Items from a dataset:
# # # # #
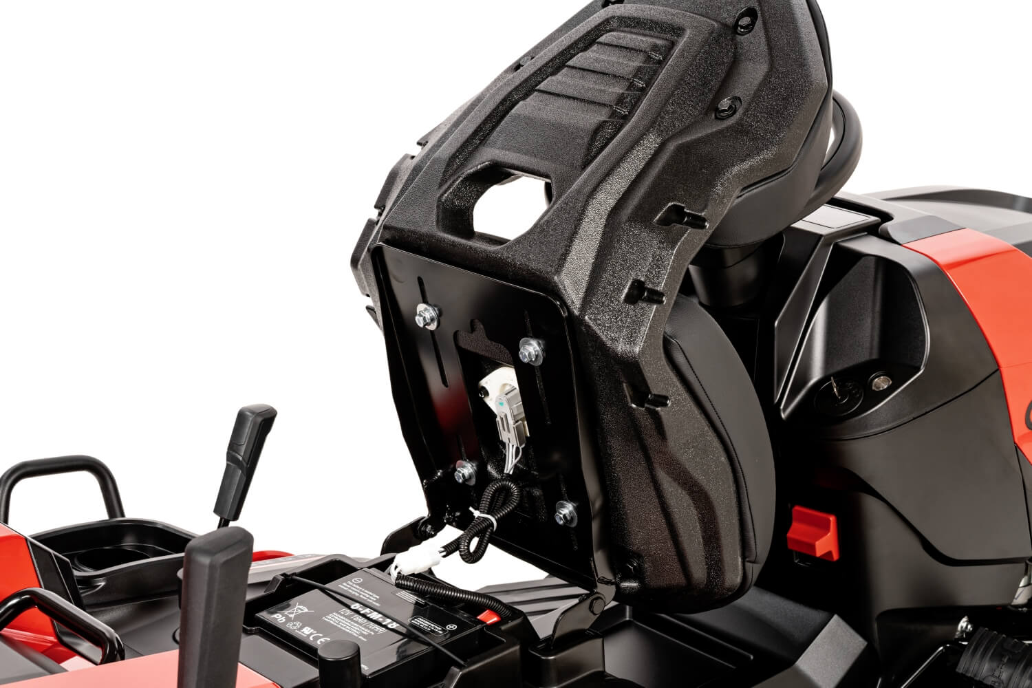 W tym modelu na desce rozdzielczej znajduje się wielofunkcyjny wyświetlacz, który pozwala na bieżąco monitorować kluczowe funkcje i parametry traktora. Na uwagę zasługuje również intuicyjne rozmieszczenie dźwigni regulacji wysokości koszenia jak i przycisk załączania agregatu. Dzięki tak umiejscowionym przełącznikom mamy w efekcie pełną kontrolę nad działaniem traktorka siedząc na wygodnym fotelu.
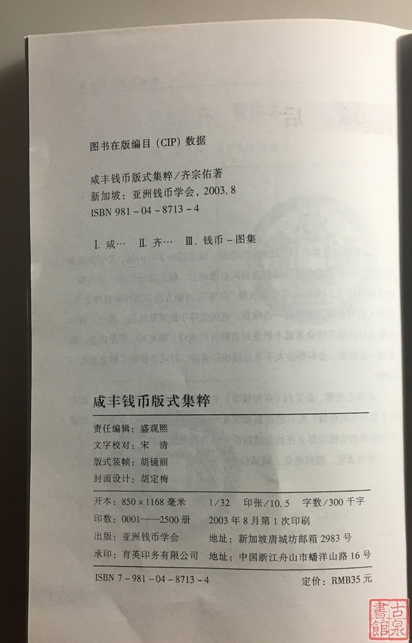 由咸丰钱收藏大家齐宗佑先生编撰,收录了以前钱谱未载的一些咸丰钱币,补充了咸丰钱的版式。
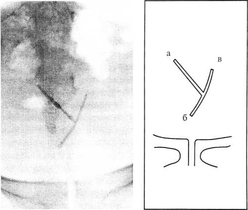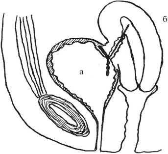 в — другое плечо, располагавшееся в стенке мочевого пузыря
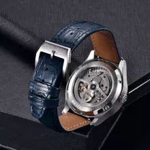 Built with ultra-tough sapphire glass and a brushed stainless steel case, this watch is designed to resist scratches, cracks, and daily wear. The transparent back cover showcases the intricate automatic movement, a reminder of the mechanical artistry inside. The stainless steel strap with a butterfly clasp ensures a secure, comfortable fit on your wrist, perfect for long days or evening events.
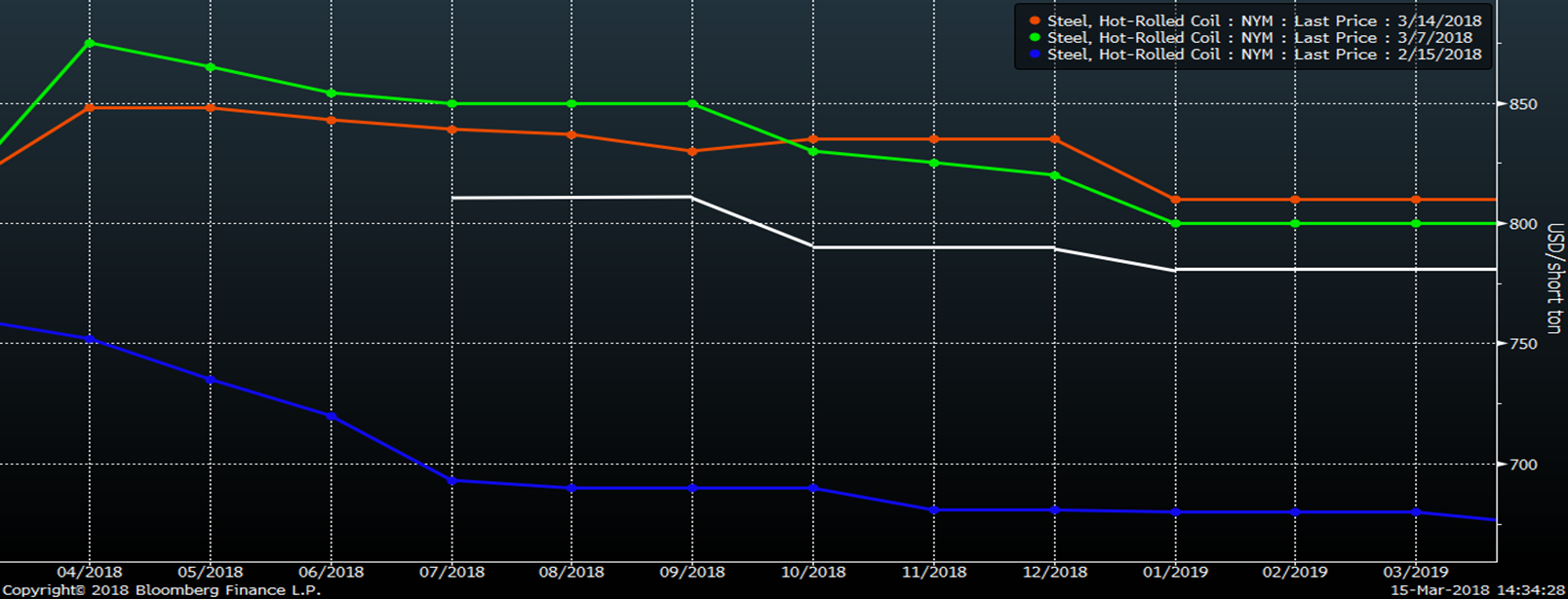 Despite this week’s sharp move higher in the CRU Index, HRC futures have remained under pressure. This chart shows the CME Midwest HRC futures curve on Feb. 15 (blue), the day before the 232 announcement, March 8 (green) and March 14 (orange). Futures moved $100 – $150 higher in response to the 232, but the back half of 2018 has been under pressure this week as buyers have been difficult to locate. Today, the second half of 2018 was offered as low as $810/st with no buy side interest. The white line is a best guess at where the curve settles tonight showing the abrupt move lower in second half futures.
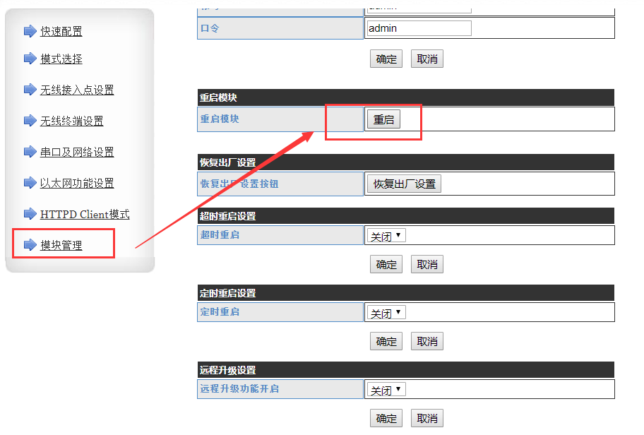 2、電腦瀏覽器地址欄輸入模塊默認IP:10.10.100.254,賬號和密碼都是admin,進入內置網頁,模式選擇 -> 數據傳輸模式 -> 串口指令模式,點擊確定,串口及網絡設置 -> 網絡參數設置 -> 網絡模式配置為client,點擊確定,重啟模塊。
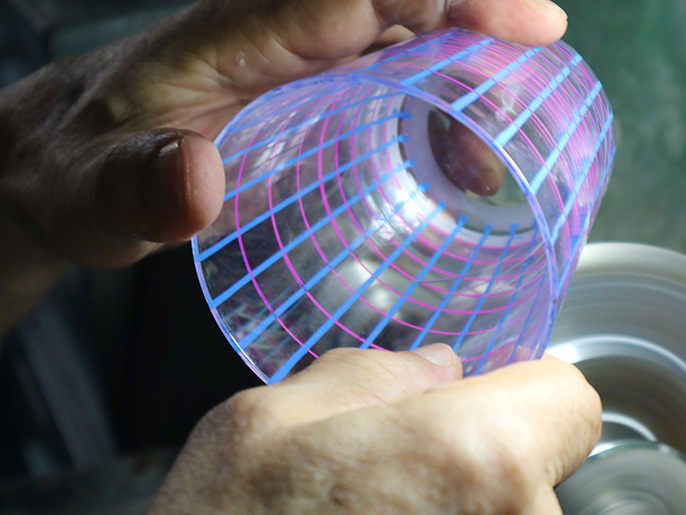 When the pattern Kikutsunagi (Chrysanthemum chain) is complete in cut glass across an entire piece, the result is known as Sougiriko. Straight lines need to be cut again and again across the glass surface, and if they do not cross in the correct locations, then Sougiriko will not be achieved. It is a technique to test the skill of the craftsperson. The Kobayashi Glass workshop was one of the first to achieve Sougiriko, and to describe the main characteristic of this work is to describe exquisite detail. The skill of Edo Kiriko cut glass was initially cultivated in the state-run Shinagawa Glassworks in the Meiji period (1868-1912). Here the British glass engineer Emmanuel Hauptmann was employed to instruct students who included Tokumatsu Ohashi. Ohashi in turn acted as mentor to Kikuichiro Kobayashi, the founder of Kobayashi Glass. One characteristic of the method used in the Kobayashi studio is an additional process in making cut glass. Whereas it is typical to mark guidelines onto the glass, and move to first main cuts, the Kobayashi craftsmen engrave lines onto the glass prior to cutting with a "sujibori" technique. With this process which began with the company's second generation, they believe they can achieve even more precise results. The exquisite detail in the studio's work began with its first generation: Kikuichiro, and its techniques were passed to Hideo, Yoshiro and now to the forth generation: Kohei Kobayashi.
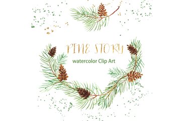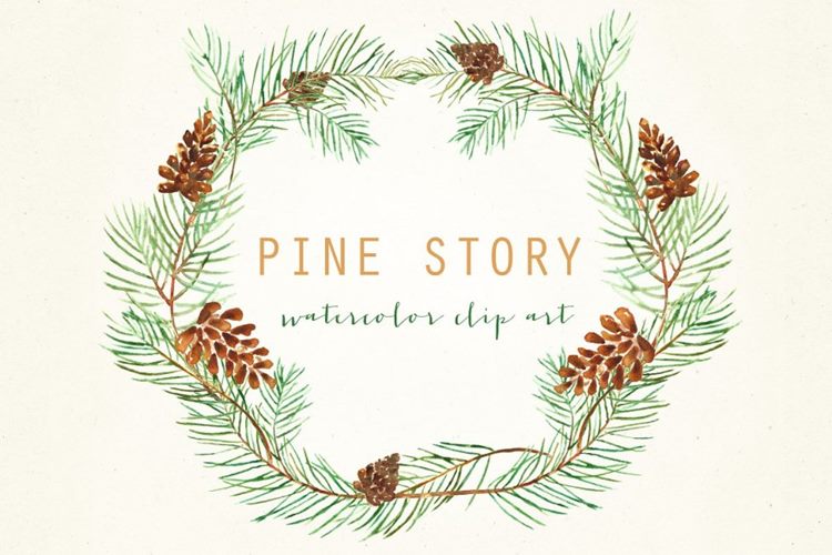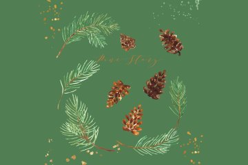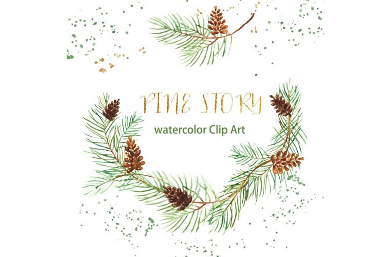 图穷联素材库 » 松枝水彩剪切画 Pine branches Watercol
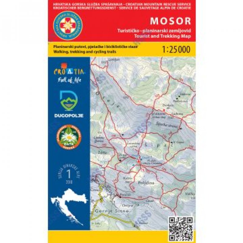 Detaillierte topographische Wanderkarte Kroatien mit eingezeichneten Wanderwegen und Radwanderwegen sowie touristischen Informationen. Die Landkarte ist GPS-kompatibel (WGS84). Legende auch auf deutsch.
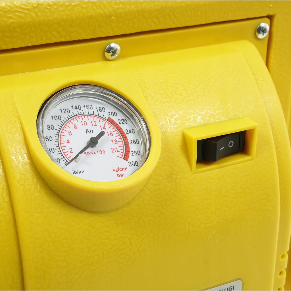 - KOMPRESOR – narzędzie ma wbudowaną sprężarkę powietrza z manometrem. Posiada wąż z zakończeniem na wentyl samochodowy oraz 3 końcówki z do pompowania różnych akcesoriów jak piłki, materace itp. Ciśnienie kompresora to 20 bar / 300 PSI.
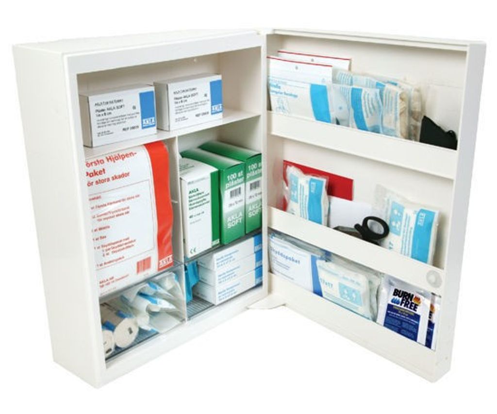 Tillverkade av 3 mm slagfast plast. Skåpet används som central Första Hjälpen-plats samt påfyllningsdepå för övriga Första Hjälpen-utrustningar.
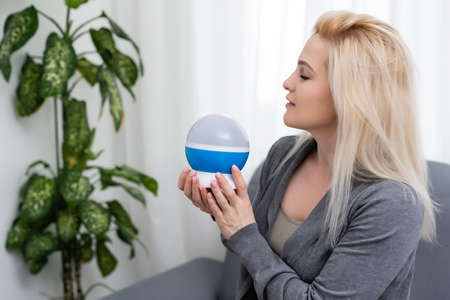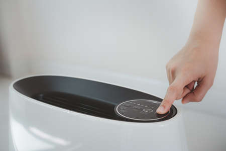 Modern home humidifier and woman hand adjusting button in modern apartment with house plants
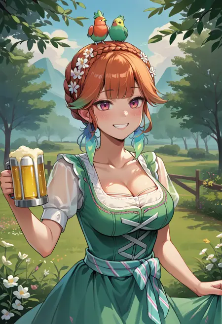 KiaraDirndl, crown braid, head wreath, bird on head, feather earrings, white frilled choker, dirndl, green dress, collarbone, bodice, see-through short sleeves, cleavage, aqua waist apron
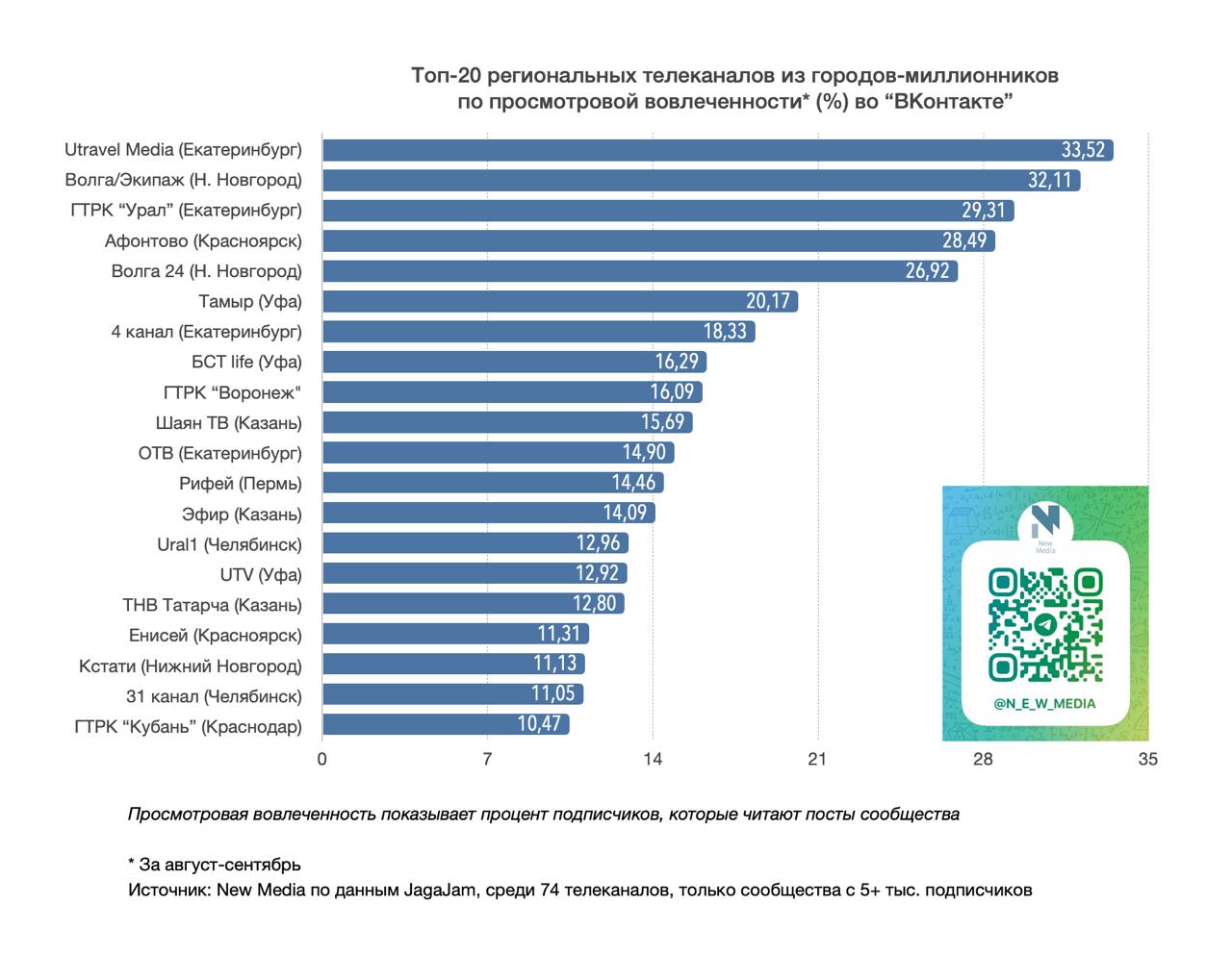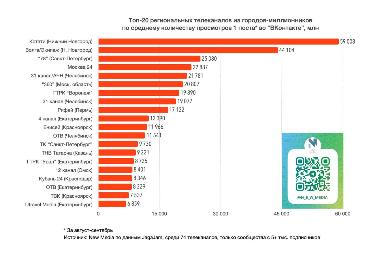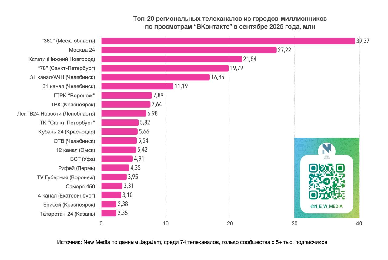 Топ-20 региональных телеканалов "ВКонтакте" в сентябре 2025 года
# # # # #
EXERCISE BRIEF: Leave out the pictures, and write out exactly the lines from the line containing "Modern home humidifier" through the end of the records above.

ANSWER BELOW:
 Modern home humidifier and woman hand adjusting button in modern apartment with house plants
 KiaraDirndl, crown braid, head wreath, bird on head, feather earrings, white frilled choker, dirndl, green dress, collarbone, bodice, see-through short sleeves, cleavage, aqua waist apron
 Топ-20 региональных телеканалов "ВКонтакте" в сентябре 2025 года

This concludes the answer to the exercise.